Copy the records below word for word, from the first line through the line that contains "今日の給食は、コッペパン、マ", and leave out any pictures.

[Opening Task material section]

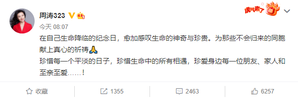 写道“在自己生命降临的纪念日,愈加感叹生命的神奇与珍贵。为那些不会归来的同胞献上真心的祈祷。珍惜每一个平淡的日子,珍惜生命中的所有相遇,珍爱身边每一位朋友、家人和至亲至爱……!”
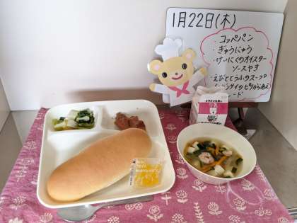 今日の給食は、コッペパン、マーマレード、牛乳、鶏肉のオイスターソース焼き、えびととうふのスープ、チンゲンサイのピリ辛あえです。
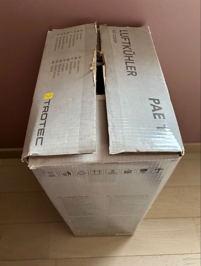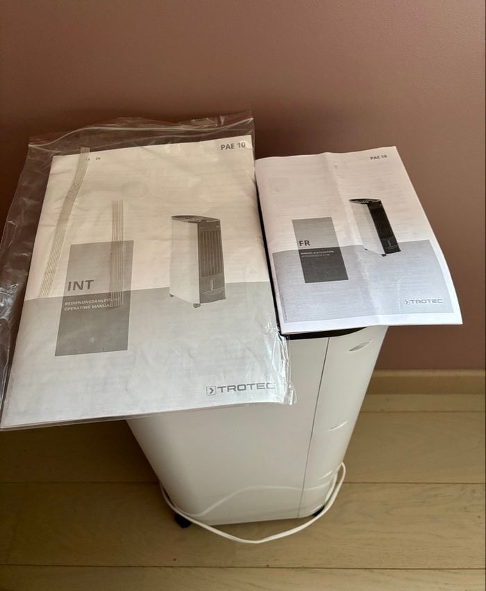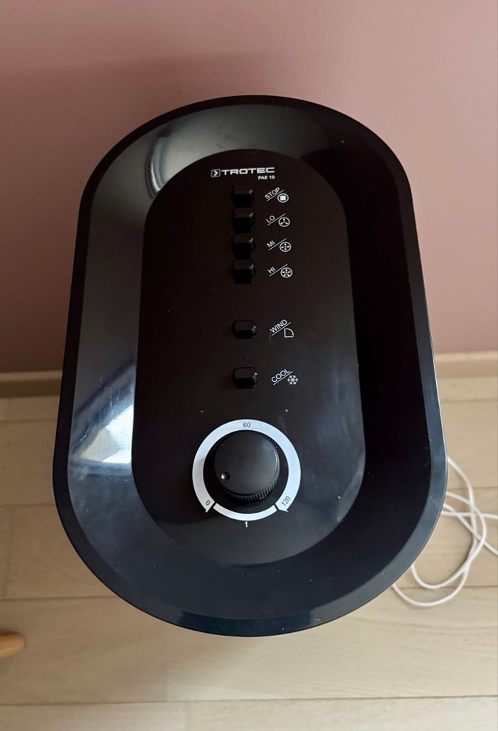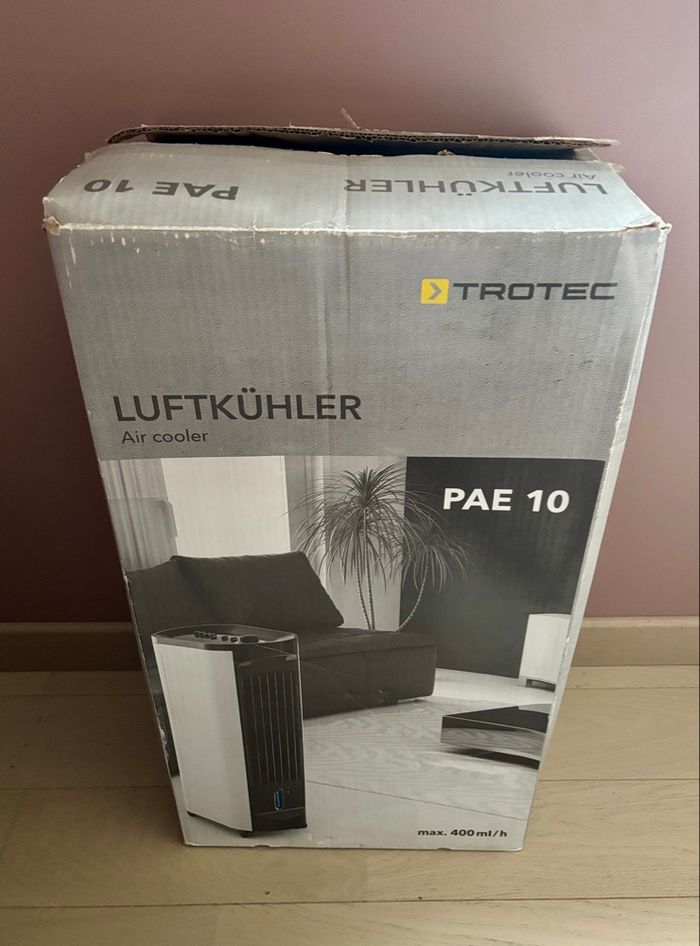 Ventilateur rafraîchisseur d'air Trotec PAE 10 qui a très peut servi. Ce refroidisseur 3 en 1, refroidit, ventile et rafraichi l'air en fonction des besoins grâce à ses 3 vitesses de ventilation et la possibilité de régler l'orientation de l'air. Utile en été comme en hiver il dispose d'un réservoir de 4 litres et ne consomme que 70W pour un débit de 400 m³/h. - Type de produit : Ventilateur rafraîchisseur d'air - Marque : Trotec - Modèle : PAE 10 - Débit d'air max. : 400 m³/h. - Emballages et notices Très bon état général. N'hésitez pas à me contacter pour plus d'informations !
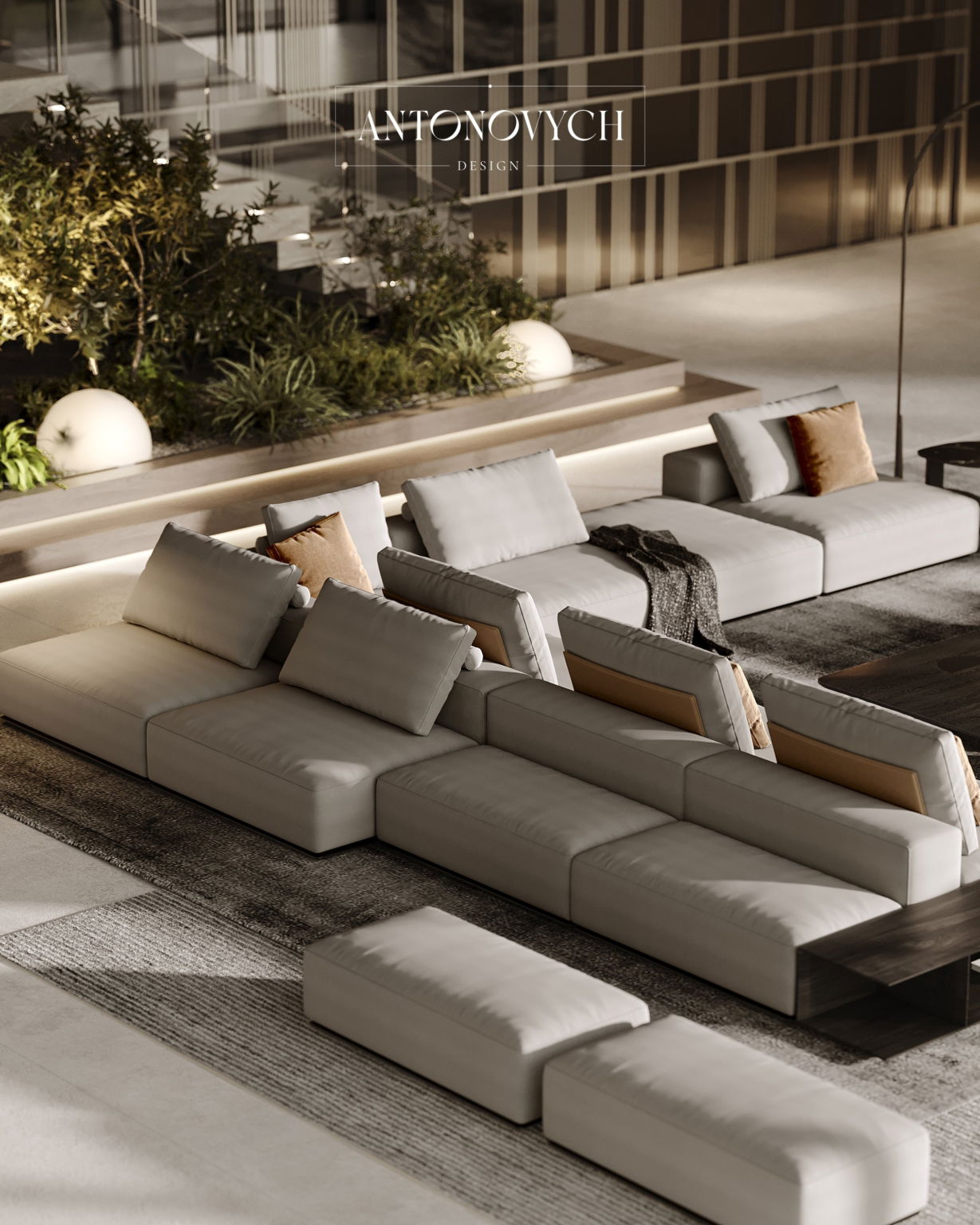 Проекты студии Антонович демонстрируют высокий уровень заботы о комфорте. Каждая деталь, от мягких кресел до просторных диванов, продумана с точки зрения удобства и функциональности.
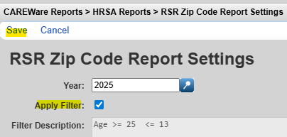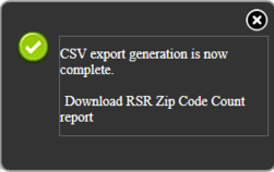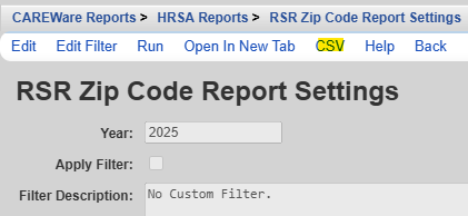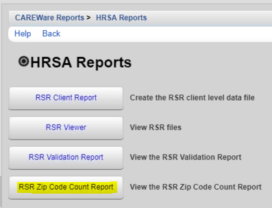 The RSR Zip Code Count Report produces a count of clients by zip code in a CSV format required for uploading that data to the EHB.
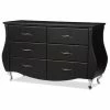 Crystallize your decorating vision with our Wood Contemporary Upholstered Dresser. Sporting faux crystal buttons and drawer pulls plus chrome-plated steel legs, this bedroom-furniture piece positively shines. Black faux-leather padded exterior features soft-edged top corners for a contemporary, contoured appearance. Six drawers offer plenty of storage space. Wooden-frame construction provides outstanding durability.
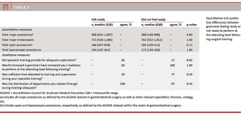 Conclusions: A worryingly high number of graduates did not feel ready to undertake their role as a gastrointestinal surgical specialist. Adequate supervision seems to play a crucial role in education.
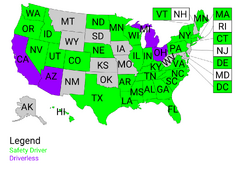 In June 2011, the Nevada Legislature passed a law to authorize the use of automated cars. Nevada thus became the first jurisdiction in the world where automated vehicles might be legally operated on public roads. According to the law, the Nevada Department of Motor Vehicles (NDMV) is responsible for setting safety and performance standards and the agency is responsible for designating areas where automated cars may be tested.[230][231][232] This legislation was supported by Google in an effort to legally conduct further testing of its Google driverless car.[233] The Nevada law defines an automated vehicle to be "a motor vehicle that uses artificial intelligence, sensors and global positioning system coordinates to drive itself without the active intervention of a human operator". The law also acknowledges that the operator will not need to pay attention while the car is operating itself. Google had further lobbied for an exemption from a ban on distracted driving to permit occupants to send text messages while sitting behind the wheel, but this did not become law.[233][234][235] Furthermore, Nevada's regulations require a person behind the wheel and one in the passenger's seat during tests.[236]
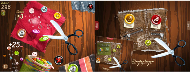 Конечно, на ткани встречаются не только пуговицы обыкновенные, а, например, и такие, которые привинчены шурупами. Срезать их не получится. Есть возможность играть левой рукой, если вы левша. Авторы игры советуют учиться срезать сразу несколько пуговиц, это дает больше баллов и больше шансов не упустить ни одну из виду. Если до этого вы самозабвенно складывали шарики в ряд, срезать пуговицы вам тоже понравится.
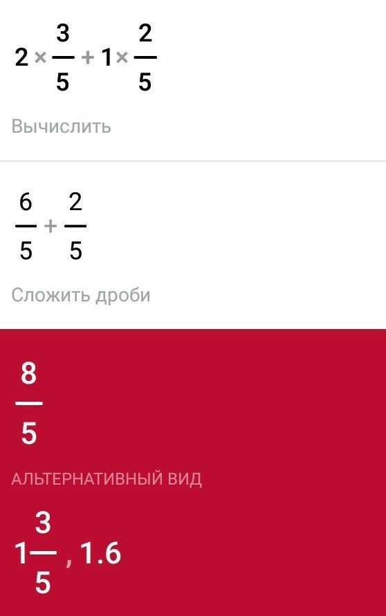 г) 2 3/5 + 1 2/5 = (2+1) + (3/5 + 2/5) = 3 5/5 = 4
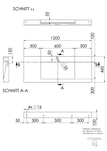 - Maße (BxTxH): 1200 x 460 x 100 mm
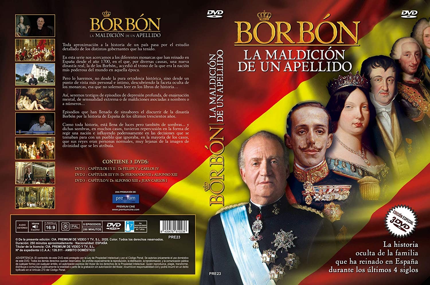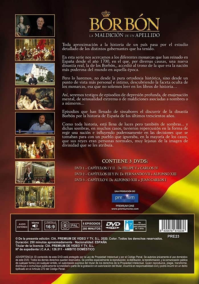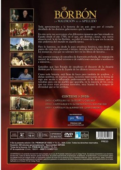 https://back.dvdstorespain.es/es/mejores-documentales-en-blu-ray-y-dvd/86689-borbon-la-maldicion-de-un-apellido-dvd-2014-8435479610238.html86689Borbón: La Maldición de un Apellido [DVD] (2014)Miniserie documental de 5 episodios. Analiza a los diferentes monarcas que ha tenido España desde el año 1700, en el que, por diversas causas, una nueva dinastía real, Los Borbones, accedió al trono de la nación más poderosa del mundo en aquel momento. Lo hace desde el punto de vista más personal e íntimo, descubriendo la faceta oculta de los monarcas.https://dvdstorespain.es/438517-home_default/borbon-la-maldicion-de-un-apellido-dvd-2014.jpg9.0083instockResearch Entertainment9.00839.0083002020-10-21T00:36:13+0200/Inicio/Inicio/DVD/Inicio/Nuevos/Inicio/Mejores Documentales en Blu-Ray y DVD/Inicio/VELADA SP 70/Inicio/VELADA DE 100/Inicio/VELADA FR 100/Inicio/VELADA IT 100
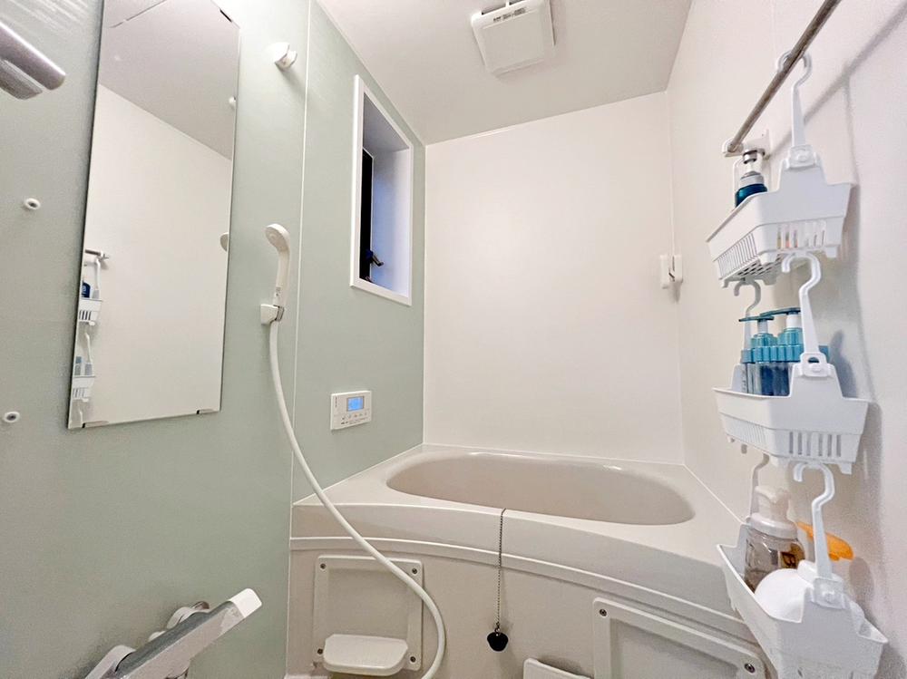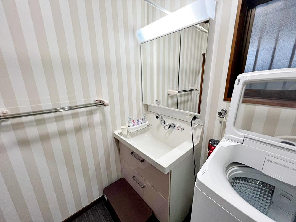 【洗面所】三面鏡にハンドシャワー付で使いやすい洗面台です。洗面脱衣室もゆったりの広さ。身支度に便利なだけでなく収納にも優れています。お出かけの前に身だしなみを整えるために毎朝使用できます!

[Closing Task material section]

### Result
 写道“在自己生命降临的纪念日,愈加感叹生命的神奇与珍贵。为那些不会归来的同胞献上真心的祈祷。珍惜每一个平淡的日子,珍惜生命中的所有相遇,珍爱身边每一位朋友、家人和至亲至爱……!”
 今日の給食は、コッペパン、マーマレード、牛乳、鶏肉のオイスターソース焼き、えびととうふのスープ、チンゲンサイのピリ辛あえです。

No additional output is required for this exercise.